Schillers Erinnerungen sind sehr persönlich. Dieser Intimität stehen die historischen und politischen Einschübe gegenüber. Auch die politischen Debatten auf Kuba oder die Repression gegen die Bevölkerung während der Militärdiktatur in Uruguay. Bisweilen hätten diese kurzen Exkurse länger und abgerundeter sein können. Zusammen jedoch ermöglichen sie ein komplexes Bild der sozialen und politischen Umstände, unter denen Schiller gelebt hat.
Am Ende steht das letzte und nicht minder schwierige Thema – die Rückkehr. Ist sie überhaupt möglich?
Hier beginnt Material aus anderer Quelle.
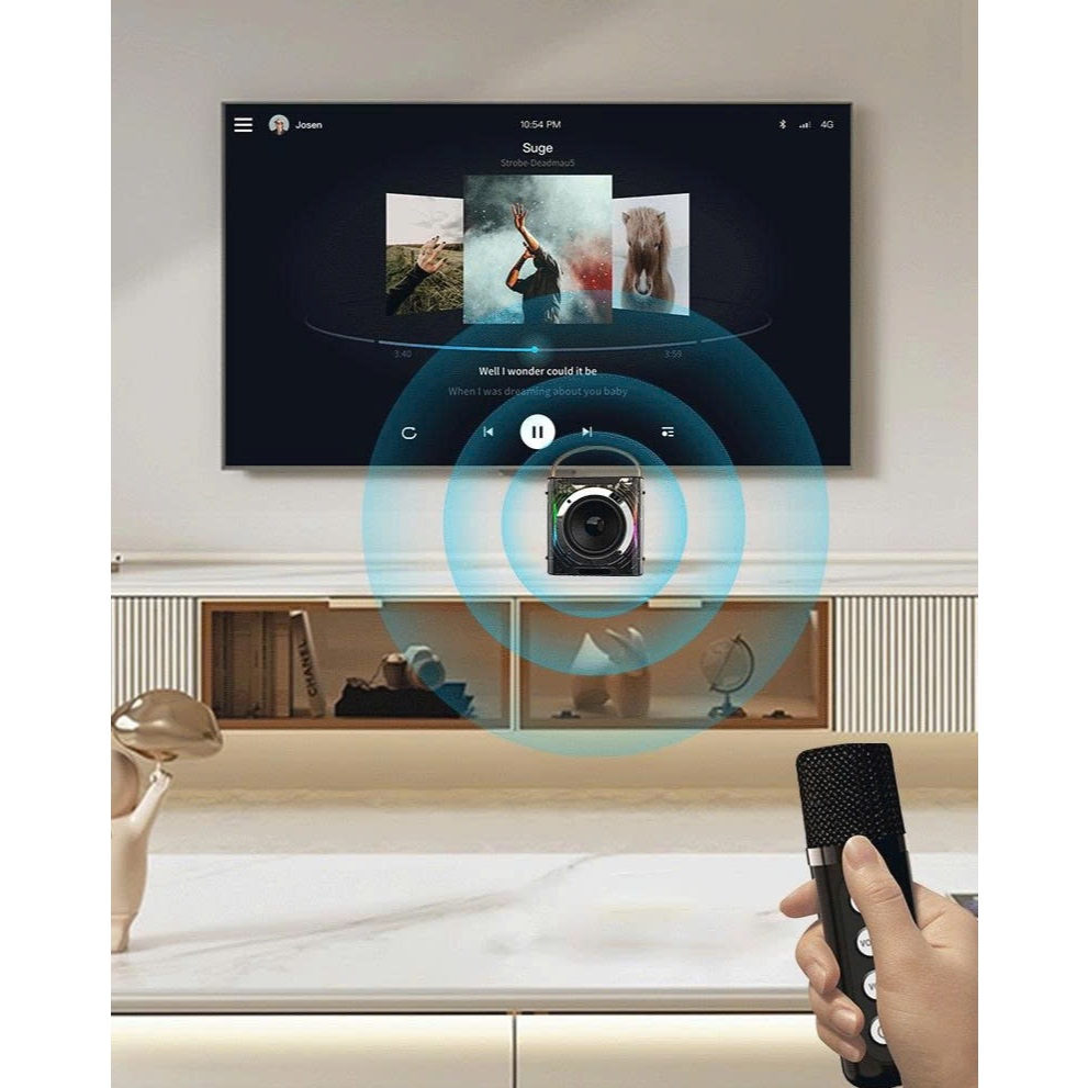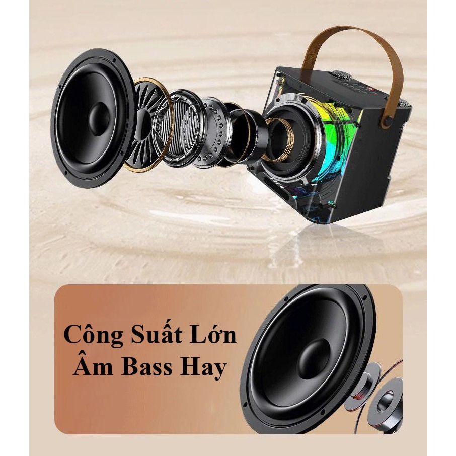 Loa Bluetooth A829 công suất mạnh, 2 micro không dây, bass lực, phù hợp picnic, sự kiện
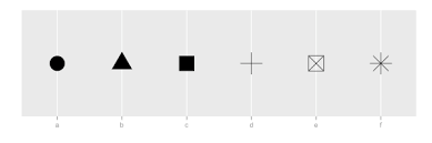 Podemos especificar manualmente las formas y colores para las categorías con un vector que se le da al argumento values

Können alte Beziehungen wieder geknüpft werden und neue entstehen? Und vor allem: Enden nun endlich Fremdheit und Sprachlosigkeit?
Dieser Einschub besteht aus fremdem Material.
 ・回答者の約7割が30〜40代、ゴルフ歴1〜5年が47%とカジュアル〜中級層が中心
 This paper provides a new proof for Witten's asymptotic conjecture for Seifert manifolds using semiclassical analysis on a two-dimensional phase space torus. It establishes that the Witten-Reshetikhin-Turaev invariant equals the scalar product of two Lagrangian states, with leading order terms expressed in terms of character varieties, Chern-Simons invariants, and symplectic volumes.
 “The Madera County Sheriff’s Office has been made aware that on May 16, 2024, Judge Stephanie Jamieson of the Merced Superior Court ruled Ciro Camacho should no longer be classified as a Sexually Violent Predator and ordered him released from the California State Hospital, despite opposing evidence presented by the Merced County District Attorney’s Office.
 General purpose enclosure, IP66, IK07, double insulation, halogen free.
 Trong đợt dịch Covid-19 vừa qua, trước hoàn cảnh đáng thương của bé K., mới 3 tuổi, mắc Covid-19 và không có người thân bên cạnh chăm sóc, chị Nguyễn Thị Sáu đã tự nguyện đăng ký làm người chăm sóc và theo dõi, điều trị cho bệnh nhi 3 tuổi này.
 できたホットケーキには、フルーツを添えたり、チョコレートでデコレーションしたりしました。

Margrit Schiller ist vor acht Jahren den Weg in ein verändertes Deutschland zurückgegangen. Sie hat ihrer Vergangenheit nicht abgeschworen und hat fast zwei Jahrzehnte Exil mit sich gebracht. Das Schreiben hat ihr das Sprechen erhalten. Noch in Kuba begann sie mit den ersten Aufzeichnungen, die mehrere Jahre später in ihrem ersten Buch Es war ein harter Kampf um meine Erinnerung. Ein Lebensbericht aus der RAF von 1999 veröffentlicht wurden. Schillers neues Buch schließt an diese Erinnerungen an. Sie endet mit den Worten einer Freundin zu einer der wesentlichen Erfahrung ihrer Geschichte: „Exil hört nie auf.“

Margrit Schiller // So siehst du gar nicht aus! Eine autobiografische Erzählung über Exil in Kuba und Uruguay. Mit einem Vorwort von John Holloway // Assoziation A // Berlin Hamburg 2011 // 172 Seiten // 16 Euro

Trotzkis Schrei im Ohr

Ohrenbetäubend erschallt der Schrei am 20. August 1940 durch den Innenhof. Vergeblich wehrt sich der von Stalin zum Tode Verurteilte Lew Dawidowitsch alias Leo Trotzki gegen sein vorgezeichnetes Schicksal. Ein Schrei, ein Biss in jene Hand, die ihm soeben einen Eispickel in den Schädel geschlagen hat, zu mehr reicht die Kraft nicht aus. Trotzkis mühevoll vorgebrachte Worte an seine Wachleute, dass sein Mörder „reden“ müsse, retten diesem das Leben. Am folgenden Tag stirbt Trotzki an den Folgen des Attentats, sein Mörder wird in Mexiko zu 20 Jahren Haft verurteilt.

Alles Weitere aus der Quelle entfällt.